Sundays and Cybele remains an effective, off-beat tale of innocence destroyed. It is a remarkable achievemnt for a first-time filmmaker. But compared to Jules and Jim, it looks awfully tepid. Of course, if compared with Jules and Jim, just about every film would look second-rate. The savants on the Cannes jury made a mistake. (The Oscars probably didn't.) Maybe if Truffaut had won, he would've felt comfortable enough to avoid being compromised, and his friendship with Godard might never have ended.

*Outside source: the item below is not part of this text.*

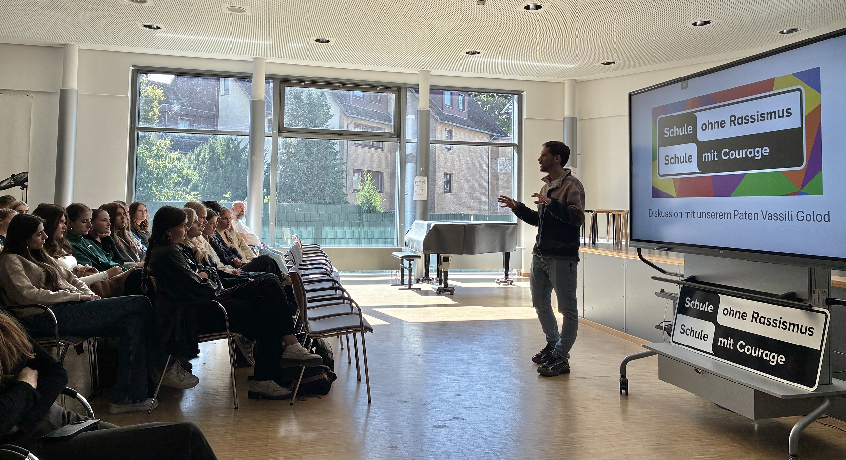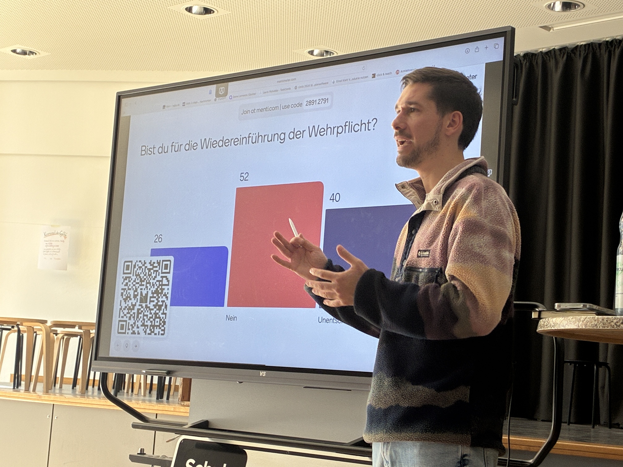 In der 5. und 6. Stunde stellte sich Golod einer Fragerunde im MuPa. Hierbei beeindruckte die Bandbreite der Themen: Die Wirkungsmacht von Podcasts, Meinungsfreiheit in unterschiedlichen Ländern, ethische Verantwortung von Journalisten und was überhaupt als Journalismus gelten sollte, waren Aspekte, die kluge Denkanstöße lieferten. Über ein digitales Stimmungsbarometer wurde von den Schülerinnen und Schülern des 11. und 12. Jahrgangs erfragt, wie sie zur Einführung der Wehrpflicht stehen, bevor im Anschluss die Sinnhaftigkeit eines Gesellschaftsjahres diskursiv aufgegriffen wurde. Persönlich und emotional wurde es, als Vassili Golod von seinen familiären Wurzeln sprach, über Luftalarm im Krieg berichtete und dies mit einer Alarm-App für alle eindrücklich demonstrierte. Mit Sicherheit hat dieser Besuch unseres Paten bei ganz vielen Zuhörerinnen und Zuhörern Spuren hinterlassen.

By now, all this is nothing but an anecdote in the history of film. After Cybele, Bourguignon would make only four more films, the only one of which I've seen was The Picasso Summer, a fascinating portrait of a young architect's efforts to meet an elusive Pablo Picasso in the south of France, using brilliant animation sequences of Picasso's paintings coming to life. (There was a dispute between Bourguignon and his producer during filming that precipitated his quitting the location.) I was always curious to know why Bourguignon seemed to vanish after that. But this is too often the fate of filmmakers who choose to go their own way. The fact that Bourguignon momentarily answered the call of Hollywood (something that Truffaut managed to resist) might also explain how Bourguignon somehow lost his way. I can name several talented filmmakers who suffered the same fate.